В своих личных суждениях о людях и событиях, высказанных в письмах или предварительных набросках, Чехов бывает жестче и определеннее, чем в законченных художественных произведениях, где им владеет интуиция. Сравним, например, первый эскиз рассказа «Душечка» в записной книжке с готовым рассказом. Эскиз выглядит откровенно сатирическим, беспощадным к героине, существу безликому, пустотелому: была женой артиста – любила театр, потом вышла за кондитера – полюбила варить варенье, а театр запрезирала (С., 17, 33). Этот мотив – заполнение внутренней пустоты интересами очередного мужа – в рассказе сохранен. Но, работая над ним, начиная думать и чувствовать в духе своей героини, писатель вчувствовался в нее глубже и понял, что, как растение увядает без влаги, так она не может жить без любви к другому человеческому существу, и это движет ее поступками. Он дополнил историю душечки любовью к ребенку – чужому ребенку, – в эскизе этого не было. И образ стал жизненно-объемным: женщина не презренная и не идеальная, а вот такая, какая она есть, – живая.
Когда Чехов-художник всматривается в человека вплотную, пристально, он почти всегда открывает в нем, даже если это человек падший и темный, что-то достойное если не оправдания, то сострадания. Даже какой-нибудь унтер Пришибеев вызывает не одно омерзение, а более сложное чувство с примесью жалости.
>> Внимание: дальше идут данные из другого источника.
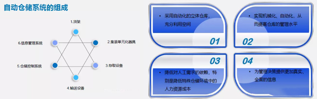自动仓储系统初期多指自动化立体仓库,如今已远远超过了之前的范畴。从广义上来讲自动仓储系统还包括可对单元货物实现自动化装卸车、自动化拆码垛、自动化存取,以及可以实现自动化分拣、自动化包装等功能,并进行自动控制和信息管理的仓储系统。

КС. Станиславский, разрабатывавший свою систему под влиянием чеховской драматургии, советовал актерам: «Когда играешь злого, ищи, где он добрый»[15]. Вероятно и обратное: изображая доброго, замечай и его слабости. Всецело отрицательные и безусловно положительные герои в произведениях Чехова встречаются редко – они редки и в жизни. В большинстве случаев человеческая натура являет сложную амальгаму добра h зла, с преобладанием того или другого.
Интерпретаторы Чехова обычно спрямляют эти сложные сплетения, что естественно. У Н.Я. Берковского в статье о Чехове сказано прекрасно и верно: «…Концепция явлений жизни <…> представлена, как принадлежащая самой жизни, как ее собственная внутренняя речь, – автор ничего не вынуждает у природы вещей, он ее только выслушивает»[16]. Но в этой же статье Берковский пишет по поводу «Дуэли»: «В повести Чехова плох Лаевский, еще хуже фон Корен…»[17] И это уже не речь жизни и не речь Чехова, а голос интерпретатора чеховского текста, читающего его в тех исторических условиях, когда социальный дарвинизм фон Корена приобретал подозрительное сходство с фашистскими теориями неполноценных рас. В других условиях и при другой установке интерпретатора возможен и противоположный вывод: Лаевский хуже фон Корена. Такой вывод делали в чеховские времена: один из критиков в 1904 году писал, что ничтожество Лаевского, «нового издания лишнего человека», подчеркивается его контрастом с «положительным типом в лице зоолога фон Корена, этого Штольца новой формации»[18]. Обе интерпретации односторонни, но обе имеют свой резон. Имеет его и точка зрения одного из персонажей «Дуэли», Самойленко, который дружит и с фон Кореном, и с Лаевским: «Оба вы прекраснейшие, умнейшие люди» (С., 7, 397).
С несомненностью следует из текста «Дуэли» одно: и Лаевский, и фон Корен лучше, чем они думали друг о друге, оба способны к самоопределению и совершенствованию. И с этим нужно считаться при любом толковании, так как это прямо дано в тексте, «условлено его внутренней формой» (по выражению Потебни). А трактовать ли характеры героев с большим или меньшим сочувствием, открывать в них новую актуальность, соотносить поставленные в повести проблемы с проблемами современными – здесь, как и вообще в сочинениях Чехова, оставлено широкое поле для интерпретаций.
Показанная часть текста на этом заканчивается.